Directions for this task: From the line containing "Gamepad s efektmi." to the last line of the listing, both included, copy every line exactly and drop the pictures.

Supplied data:
....

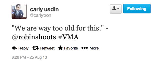 I feel weird because the VMAs don’t start for another two and a half hours here. :(
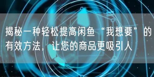 揭秘一种轻松提高闲鱼“我想要”的有效方法,让您的商品更吸引人
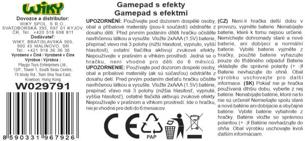 Gamepad s efektmi. Rozmery 14,5x5,5x10,5 cm. Zvukové efekty. 2xAAA batérie súčasťou. Prepínač vľavo nižšia hlasitosť, uprostred vypnuté, vpravo vyššia hlasitosť. Joystick a 4 tlačidlá so zvukovými efektmi, cvakajúce otočné koliesko
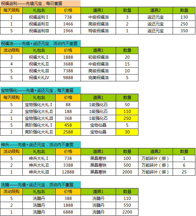 1、活动期间,各个礼包限量限时购买;

....

Response for this exercise:
 Gamepad s efektmi. Rozmery 14,5x5,5x10,5 cm. Zvukové efekty. 2xAAA batérie súčasťou. Prepínač vľavo nižšia hlasitosť, uprostred vypnuté, vpravo vyššia hlasitosť. Joystick a 4 tlačidlá so zvukovými efektmi, cvakajúce otočné koliesko
 1、活动期间,各个礼包限量限时购买;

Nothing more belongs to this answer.